The paraxylene to mixed xylene spread in Europe hit a four-month low on Monday due to a strong bid for MX propping up MX amid weak PX fundamentals depressing prices, according to Platts data.
PX was assessed at $598/mt FOB ARA Monday, down $5/mt from Friday, while MX was assessed at $499/mt FOB ARA Monday, up $15.50/mt. This placed the spread between the prices at $99/mt, shrinking $20.50/mt from Friday, and the lowest level since September 16. MX is a feedstock for PX.
The decline in the spread followed Total's bid for solvent MX during Platts MOC, which increased the MX premium.
The bid was outstanding at a $142/mt premium over the February Eurobob gasoline swap. Platts assessed the premium over both the January and February swaps a dollar above the outstanding bid at $143/mt, $18.50/mt above the level from Friday.
The higher premium was a result of export interest for mixed aromatics and reformate to Asia tightening the octanes market, according to sources.
No MX offers were heard suggesting that MX was a buyer's market.
On the other hand, PX demand was reported weak by several sources.
Several producers and traders were looking to export PX, as demand within Europe was subdued.
Indeed, Artlant's 700,000 mt/year purified terephthalic acid plant in Sines, Portugal, remained idled.

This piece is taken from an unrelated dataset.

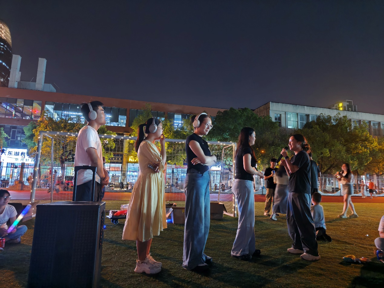 夜幕降临,田径场上灯光闪烁。活动在《Red Lips》《霓虹甜心》等动感旋律中正式开场。绚烂的小彩灯与舞动的荧光棒交织闪烁,共同营造出温馨又热烈的现场氛围。

PX is a feedstock for PTA.
The low PX-MX spread meant that PX spot production was not profitable. Industry sources have previously said that the spread needs to be above $150/mt for spot production to make sense.
It has been trending below $150/mt since January 8.
"With the current PX-MX spread, there is no economic incentive to produce spot PX," a source said last Friday.